Embedding Intelligence
In a way, this is the second part of a piece on non-reporting tool BI.
Consider a customer contact centre - historically the realm of CRM applications. Customers interact with agents by voice telephony, text messaging, email, web portals, in writing, and there may even be face-to-face contact as in store or banks. Much of this communication is instigated by the customer but some is the result of call centre agents making contact. Integration of IP telephony, document management and plain old CRM (if it was ever plain) into a single system is achievable and gives many advantages (especially in these days of SOx compliance)
But just bringing back the customer's details or recent interaction history is a standard CRM feature so where does embed BI fit into the picture and how is it achieved?

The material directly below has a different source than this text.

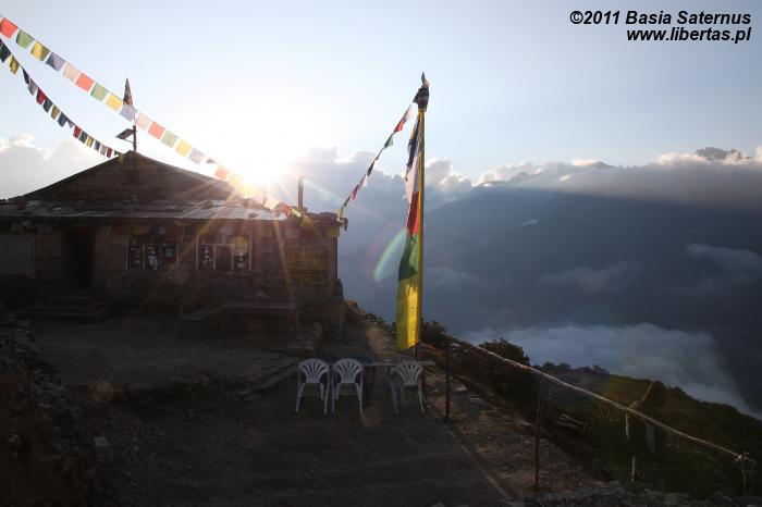 Nie ma jeszcze dziewiętnastej, gdy ciemność otula całą okolicę, a przenikliwy chłód spędza wszystkich turystów oraz ich tragarzy i przewodników do hotelowej świetlicy. Niewielkie, do niedawna niemal zupełnie martwe pomieszczenie szybko zaczyna tętnić życiem. Jest ciepło, ale też bardzo głośno, więc nie do końca przyjemnie. Rozpieszczane ostatnio krystalicznie czystym powietrzem nozdrza z początku mocno drażni ciężka mieszanka, w której da się rozpoznać umykający z prowizorycznego kominka dym oraz lekki swąd przepoconych ciał i nieświeżych ubrań. Na szczęście, gdy tutejszy kucharz śmiało zaczyna wybiegać na przeciw zachciankom targanych niedźwiedzim głodem turystów, a kuchnia rusza pełną parą, na pierwszy plan szybko wysuwają się zapachy dużo przyjemniejsze. Świetlicę szczelnie wypełnia aromat przygotowywanych dań – zapiekanych, mocno pikantnych ziemniaków, ryżu z warzywami, okraszonego jaczym serem makaronu mien i innych tutejszych przysmaków. Na samą myśl o tym, że niebawem nasze podniebienia natrafią na gorącą karmę, a kalorie rozejdą się po łaknącym energii organizmie, robi nam się cieplej, a część zmęczenia od razu ustępuje. Zanim jednak zjemy, przyjdzie nam, jak to w Nepalu, poczekać na posiłek ponad godzinę.

One obvious and non-invasive way is to build reporting dashboards over the whole customer interaction application stack. Marketing managers can asses the effectiveness of campaigns, operation managers can monitor call centre agent throughput; in fact almost any performance metric can be captured and displayed - the art here is the choice of metrics and techniques needed to find the right data.
The less obvious technique is to embed intelligence services into the CRM workflow. These services either alert agents to particular conditions such as "be extra nice, this is an important customer" or, perhaps more sophisticatedly, change the workflow for a case based on a set of BI derived attributes. Here the trick is use fast metrics (or suitable aggregates) that provide some sort of predictive measure about a customer. For example the simplistic value of a customer might be their spend in the year, but at a more sophisticated level we would want to take in to account the cost of servicing that customer over the year (man hours spent by contact centre staff?) or we might want to rank them in some form of peer group.